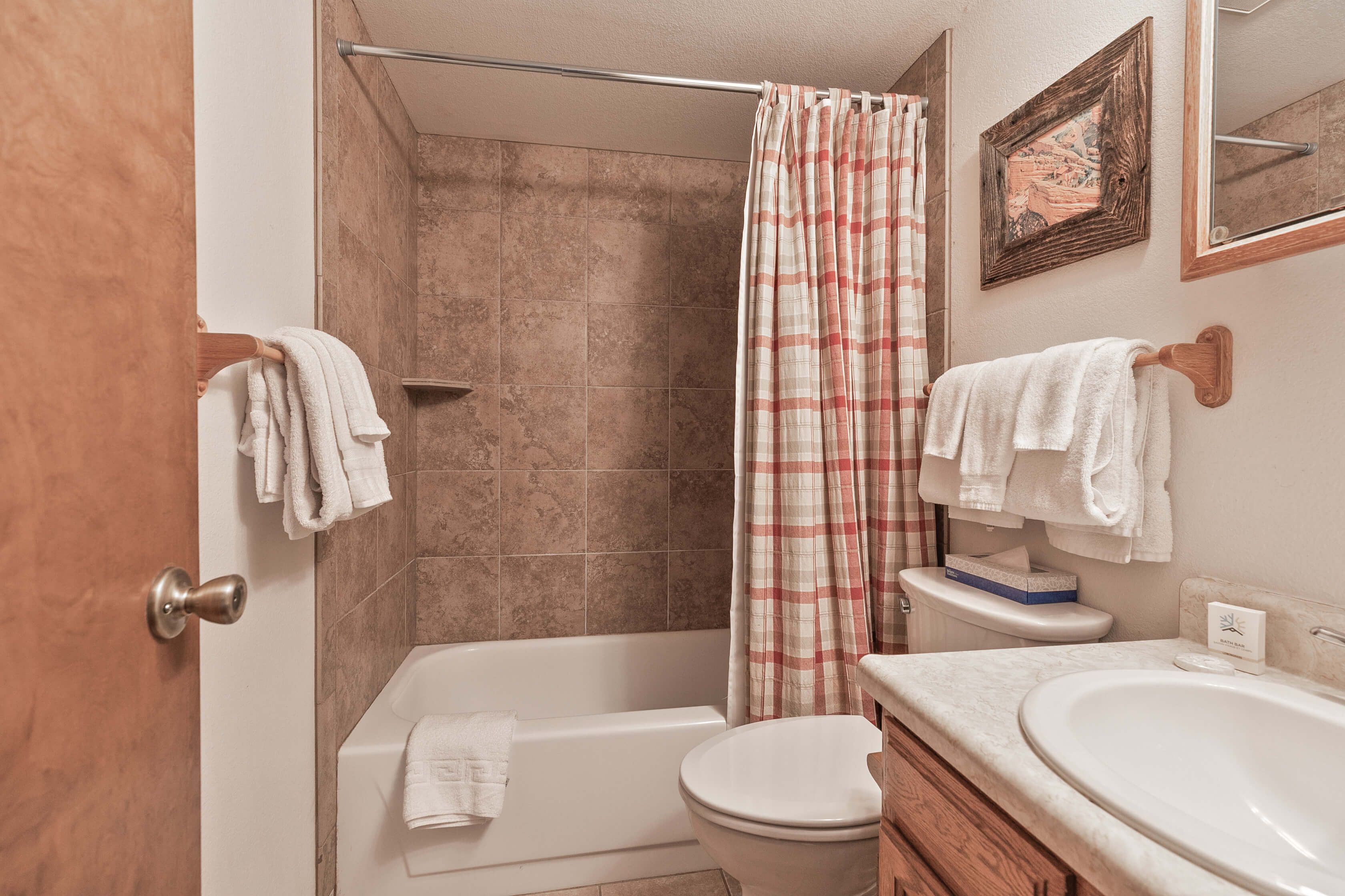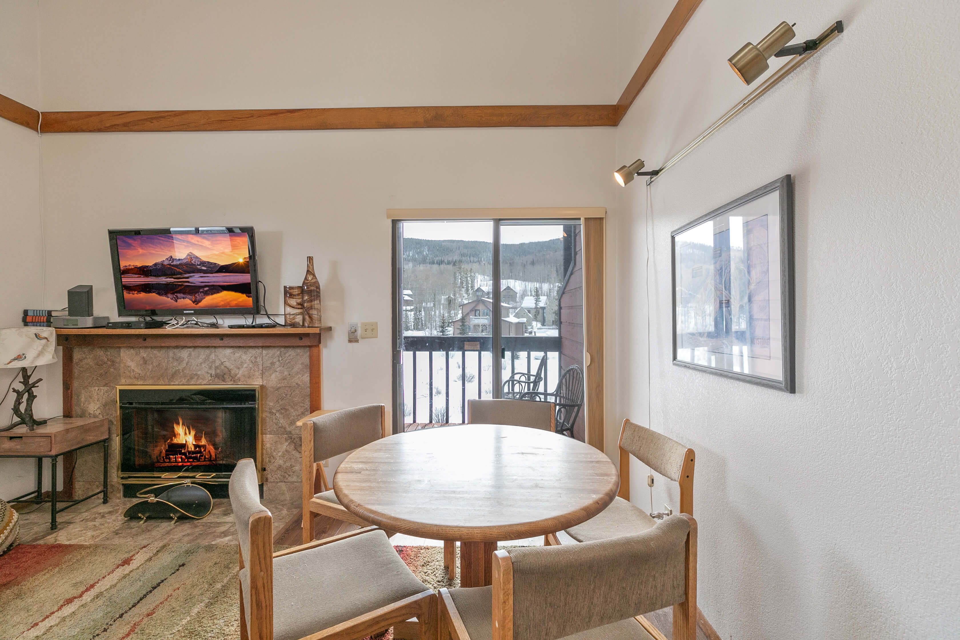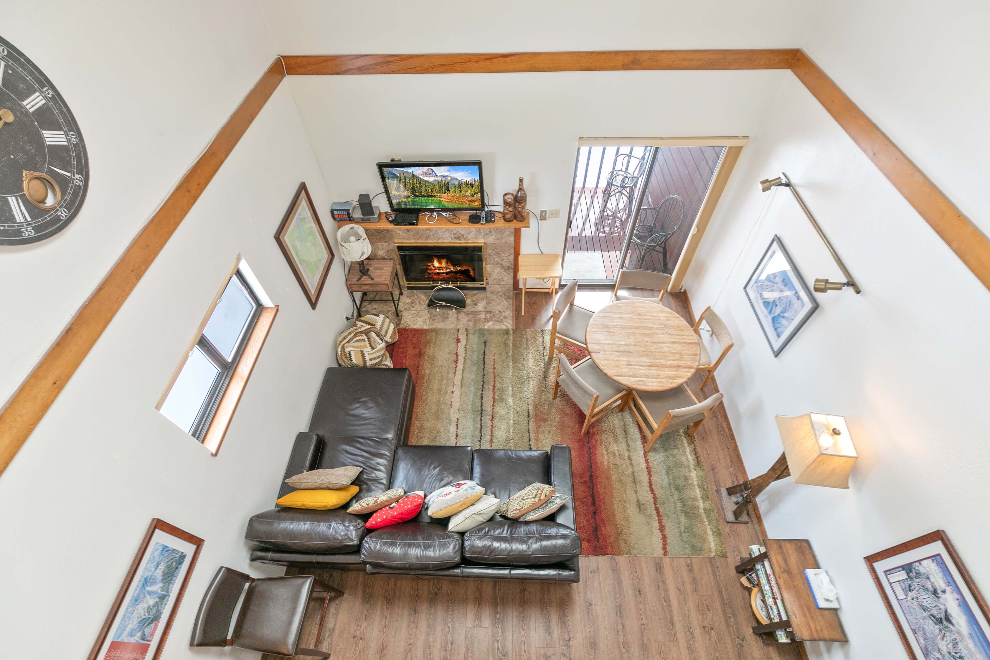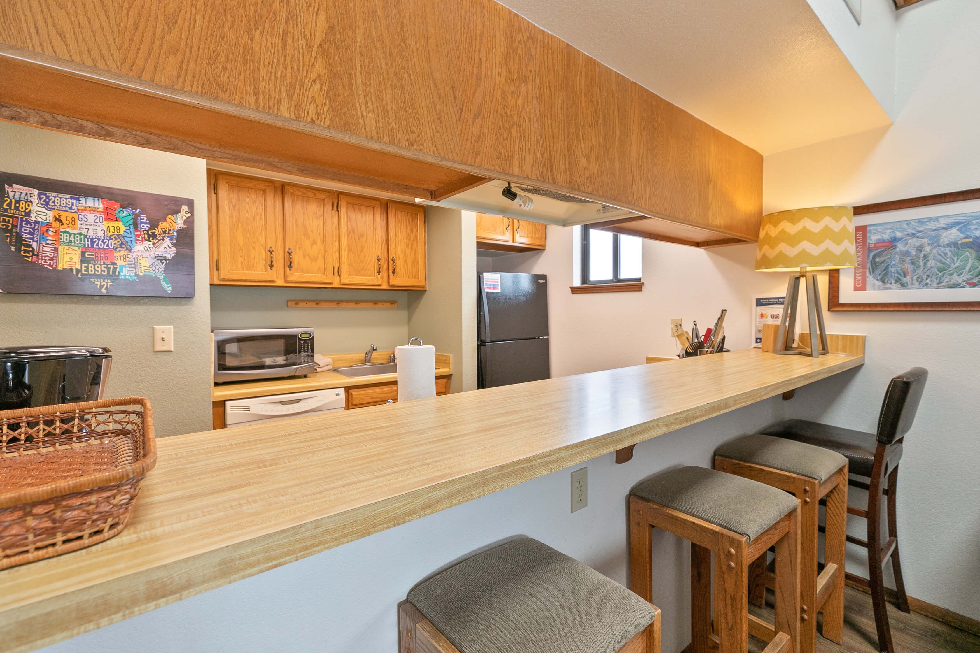 This comfortable 2-bedroom+loft, 2-bathroom condo is the perfect getaway for families or groups of up to eight people. The living area features a gas fireplace and a flat-screen TV, making it the perfect place to relax after a fun day in the mountains. The fully equipped kitchen has everything you’ll need to keep the gang fed and happy, with seating for four at the dining table and room for four more at the breakfast bar. And you’ll love stepping out onto the balcony to take in the beautiful forest and mountain views!
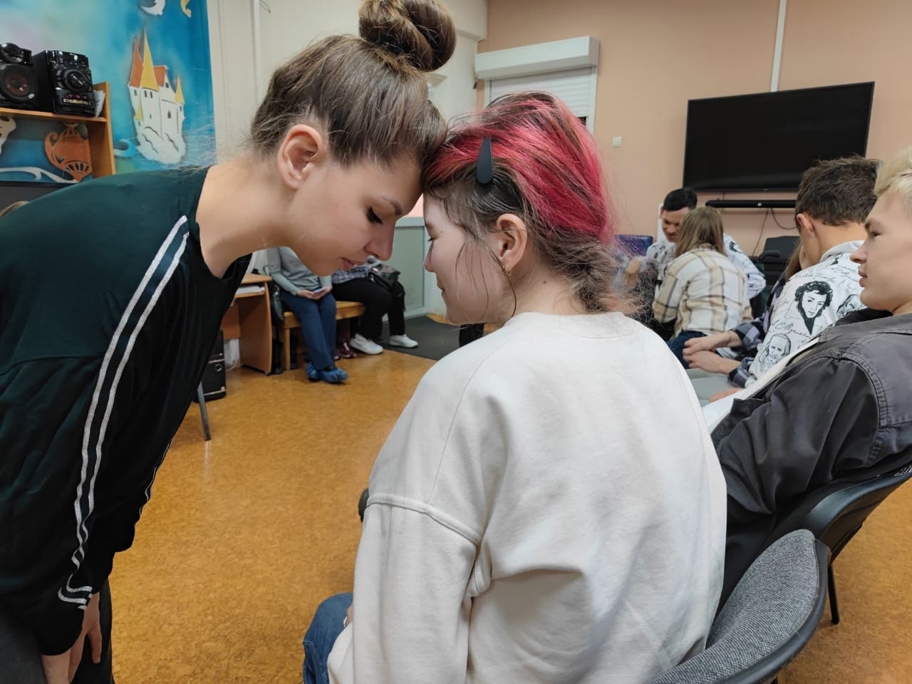 Отрабатывали один из сложных навыков: учились взаимодействовать с партнером: упражнение «зеркало». Очень важно помнить, о партнере, слышать видеть, даже если ты "звезда".
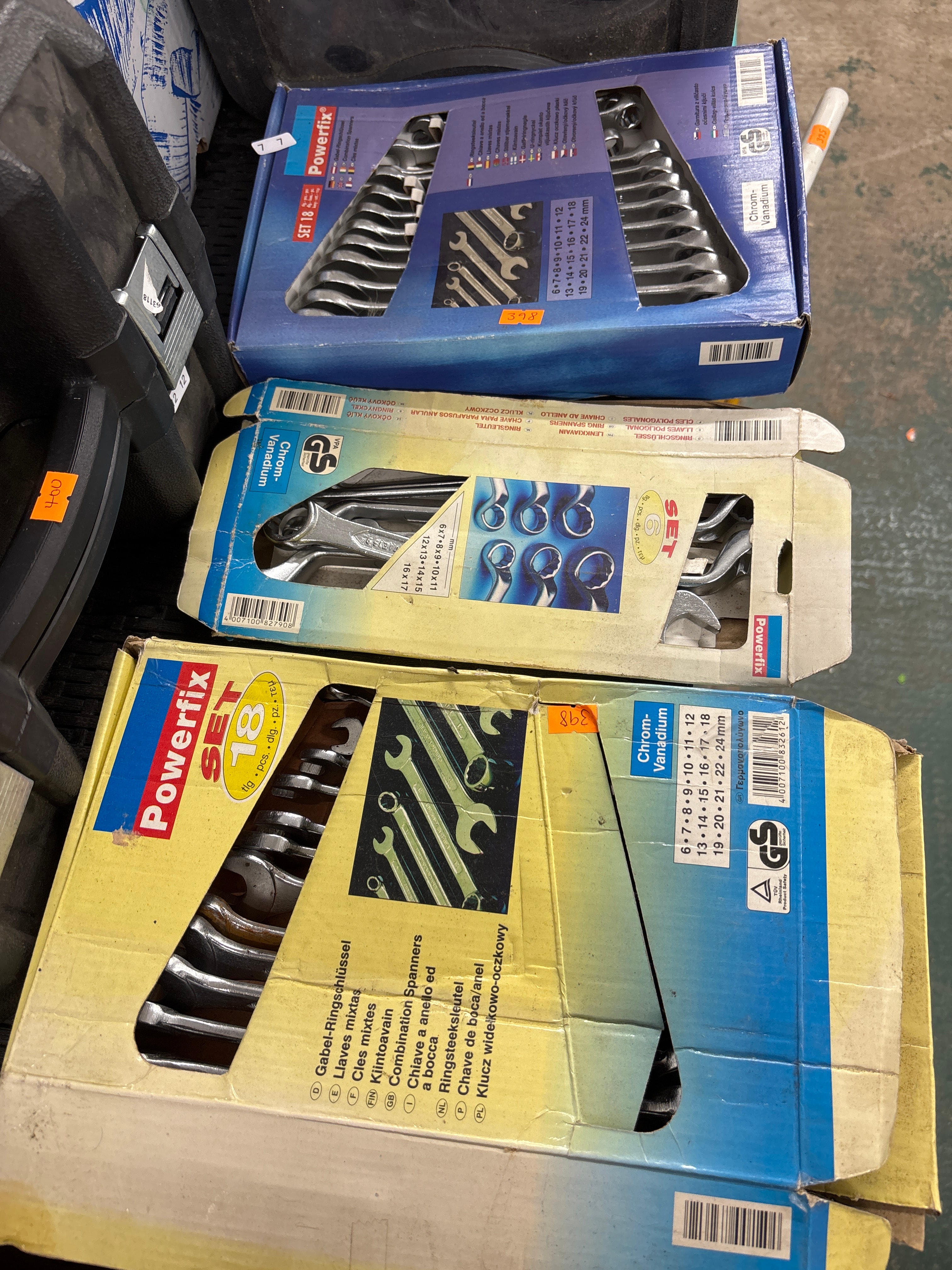 A group of three Powerfix brand wrench sets, manufactured from Chrom-Vanadium steel, presented in their original cardboard packaging. The lot comprises two 18-piece combination spanner sets, covering sizes from 6mm to 24mm, and one 6-piece set of double-ended ring spanners, with sizes ranging from 6x7mm to 16x17mm. The packaging displays various markings including “Powerfix”, “Chrom-Vanadium”, “SET 18”, “SET 6”, specific millimeter dimensions, GS and TÜV Rheinland product safety logos, and barcodes. Multilingual descriptions such as “Gabel-Ringschlüssel”, “Combination Spanners”, and “Γερμανικοι λυγώνο” are also visible. Orange price stickers marked “398” and “400”, along with a white sticker “77”, are affixed to the packaging.
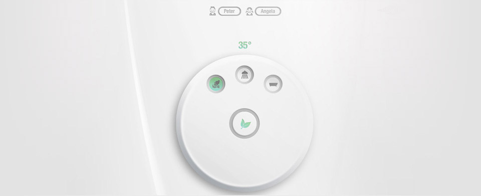 用家可依个人喜好快速预设洗手、洗澡或泡浴的热水温度。「智能拨盘」简易选择已储存的所选温度。
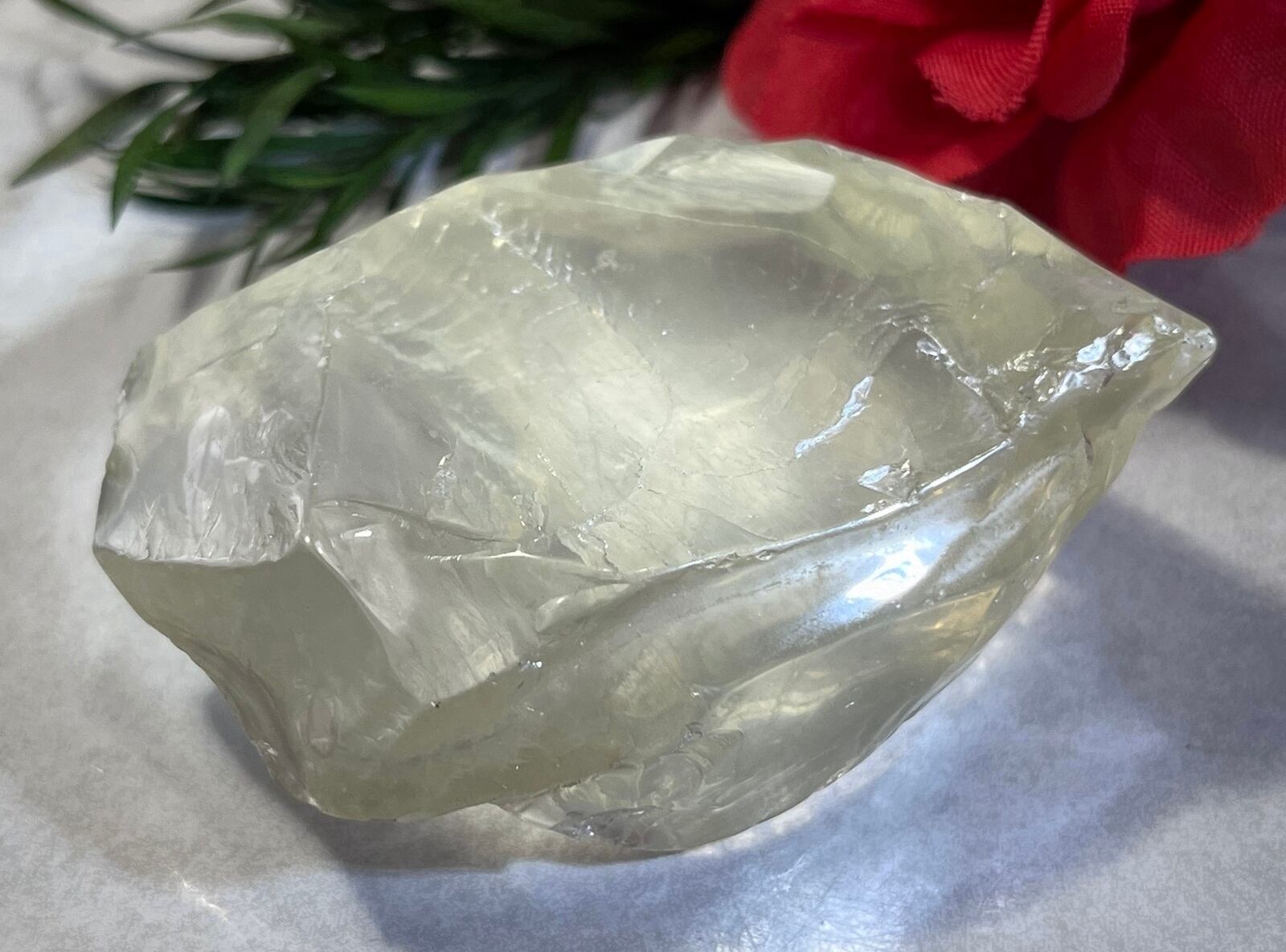 通常の水晶の結晶形ではなく塊状で産出され、アルミニウム・ニッケル・銅・バリウム等を含み『変容、変革、変化』の石といわれている。

----------------------------------------

Reproduce the data above line for line, from its first line through the line containing "Отрабатывали один из", both ends included, with the pictures omitted and nothing more.

 This comfortable 2-bedroom+loft, 2-bathroom condo is the perfect getaway for families or groups of up to eight people. The living area features a gas fireplace and a flat-screen TV, making it the perfect place to relax after a fun day in the mountains. The fully equipped kitchen has everything you’ll need to keep the gang fed and happy, with seating for four at the dining table and room for four more at the breakfast bar. And you’ll love stepping out onto the balcony to take in the beautiful forest and mountain views!
 Отрабатывали один из сложных навыков: учились взаимодействовать с партнером: упражнение «зеркало». Очень важно помнить, о партнере, слышать видеть, даже если ты "звезда".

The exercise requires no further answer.